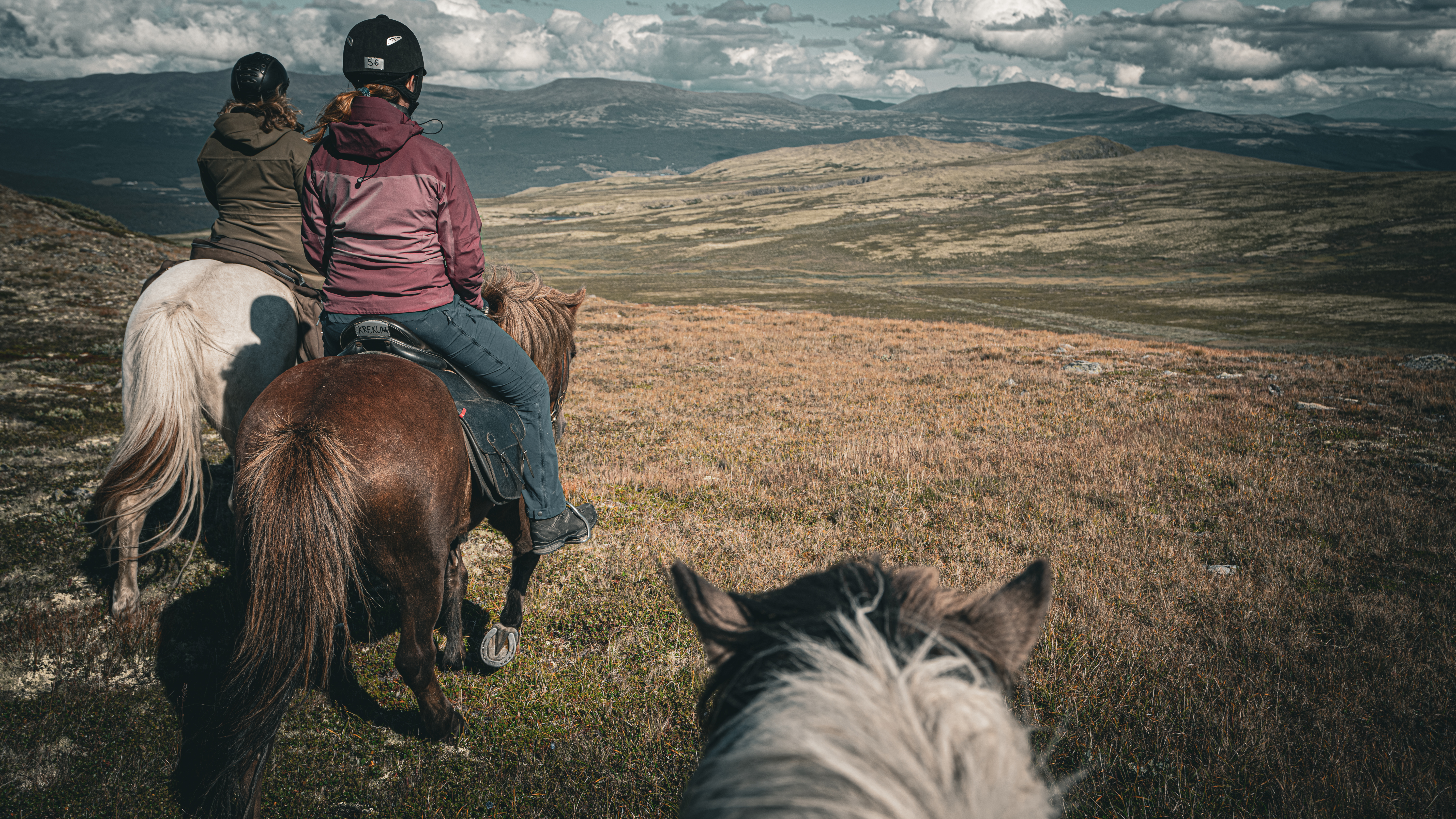 Etter lunsj deler vi ut hester og utstyr til hver enkelt. Vi får en instruksjon før vi rir ut på en ettermiddagstur for å bli kjent med hestene og hverandre.
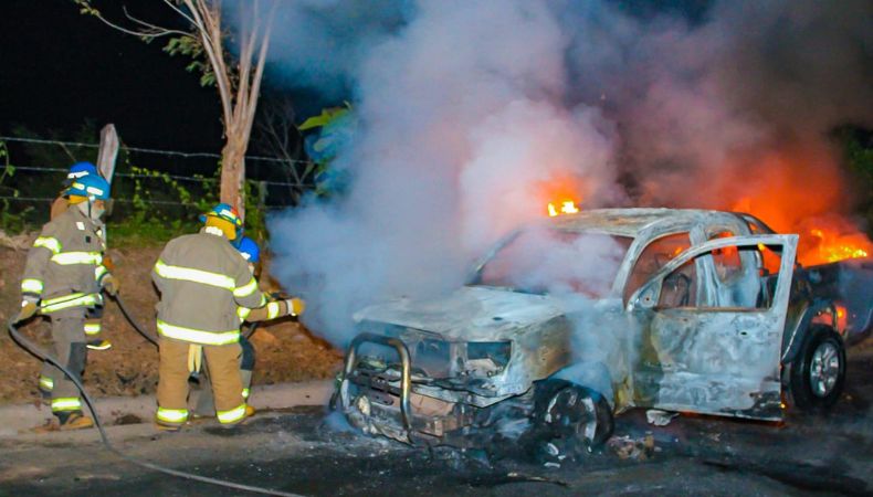 En las últimas horas, se han reportado incendios en vehículos, el primer caso ocurrió sobre la entrada y desvío hacia San Vicente.
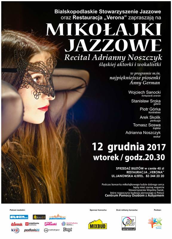 Bialskopodlaskie Stowarzyszenie Jazzowe oraz restauracja Verona zapraszają na Bialskie Mikołajki Jazzowe. Wystąpi śląska aktorka i wokalistka Adrianna Noszczyk z towarzyszeniem znakomitych muzyków jazzowych i klasycznych.
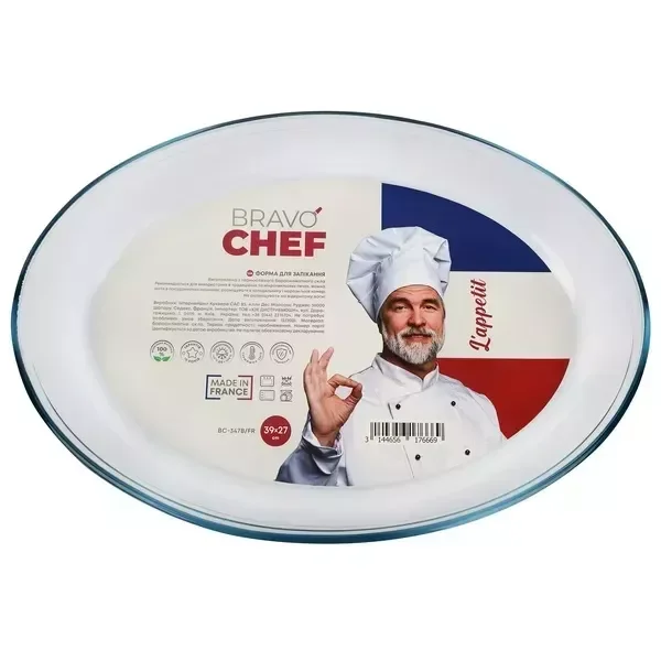 Форма з кришкою BRAVO CHEF форма склянна овальна 35х24х6см BC-347B FR BC-347B FR - інтернет магазин europosud.ua!
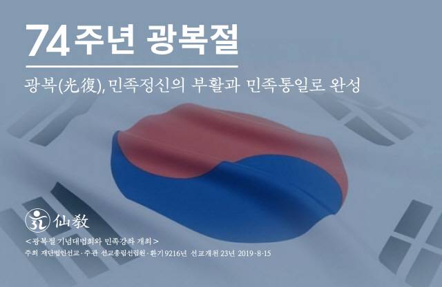 민족종교 선교종단 재단법인 선교(仙敎)는, 74주년 8.15 광복절을 맞아 선교총본산 선교총림 선림원 주관으로 기념대법회와 함께 취정원사의 민족강좌를 개최한다고 선교중앙종무원을 통해 밝혔다.
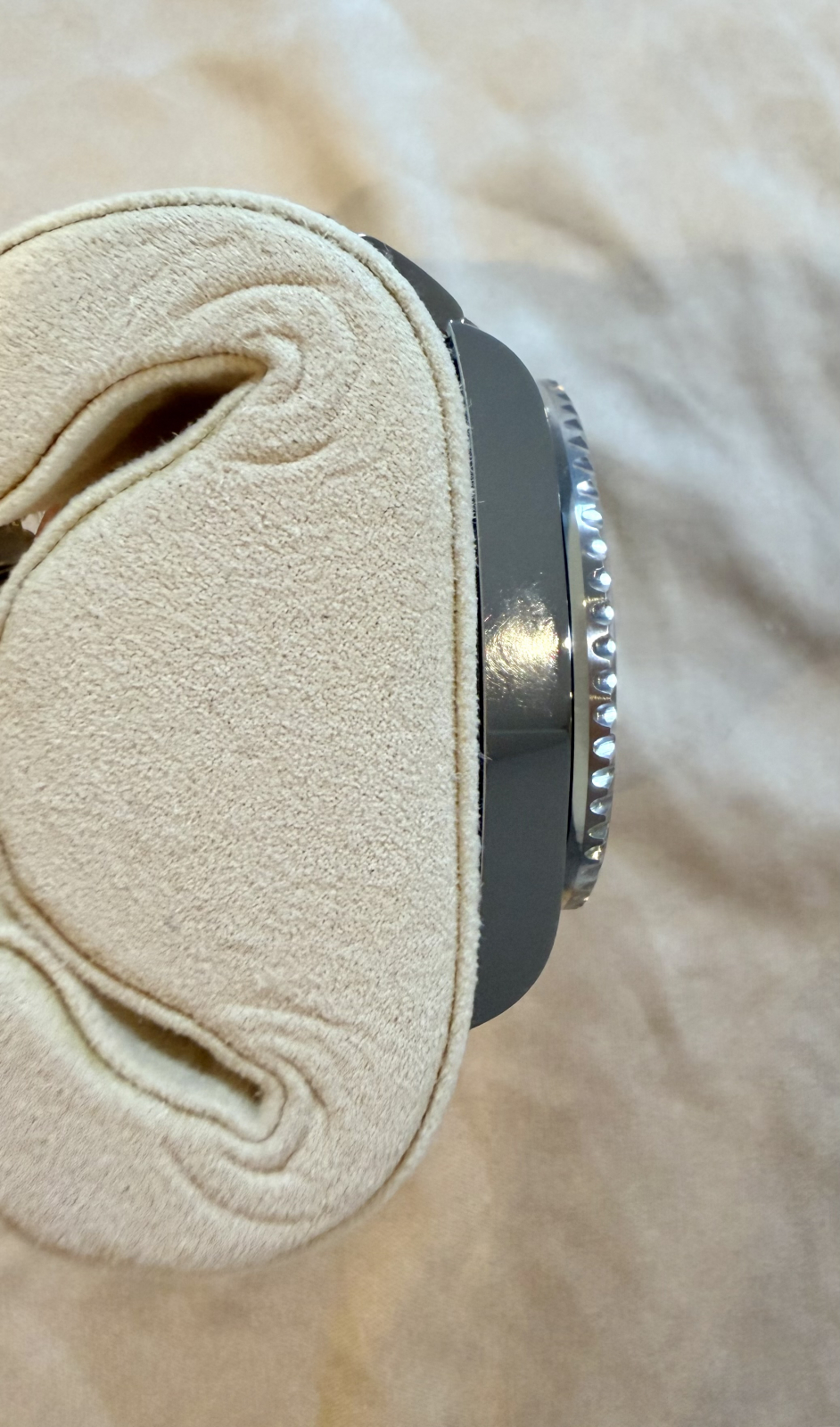 2024年までほとんど使っておらず、そこからの使用頻度は月1回程度で、かつ丁寧に使っていたので小傷はそこまで多くないかと思います。目立つ傷としては5枚目にある9時方向のスリ傷ですが、撫でてもザラつきはなくケース自体に凹みはありません(ケースサイドの傷のため使用している分には気にならないと思います)。もちろんノンポリッシュ個体になります。
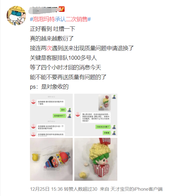 有网友表示,泡泡玛特客服送来的产品质量也屡次出问题。
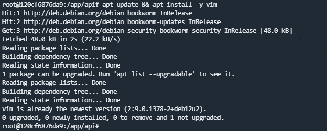 sudo docker exec -it docker-api-1 /bin/bash 进入容器命令行

TASK GOAL: Every record above must be copied exactly, and no picture may appear in the copy.

RESPONSE:
 Etter lunsj deler vi ut hester og utstyr til hver enkelt. Vi får en instruksjon før vi rir ut på en ettermiddagstur for å bli kjent med hestene og hverandre.
 En las últimas horas, se han reportado incendios en vehículos, el primer caso ocurrió sobre la entrada y desvío hacia San Vicente.
 Bialskopodlaskie Stowarzyszenie Jazzowe oraz restauracja Verona zapraszają na Bialskie Mikołajki Jazzowe. Wystąpi śląska aktorka i wokalistka Adrianna Noszczyk z towarzyszeniem znakomitych muzyków jazzowych i klasycznych.
 Форма з кришкою BRAVO CHEF форма склянна овальна 35х24х6см BC-347B FR BC-347B FR - інтернет магазин europosud.ua!
 민족종교 선교종단 재단법인 선교(仙敎)는, 74주년 8.15 광복절을 맞아 선교총본산 선교총림 선림원 주관으로 기념대법회와 함께 취정원사의 민족강좌를 개최한다고 선교중앙종무원을 통해 밝혔다.
 2024年までほとんど使っておらず、そこからの使用頻度は月1回程度で、かつ丁寧に使っていたので小傷はそこまで多くないかと思います。目立つ傷としては5枚目にある9時方向のスリ傷ですが、撫でてもザラつきはなくケース自体に凹みはありません(ケースサイドの傷のため使用している分には気にならないと思います)。もちろんノンポリッシュ個体になります。
 有网友表示,泡泡玛特客服送来的产品质量也屡次出问题。
 sudo docker exec -it docker-api-1 /bin/bash 进入容器命令行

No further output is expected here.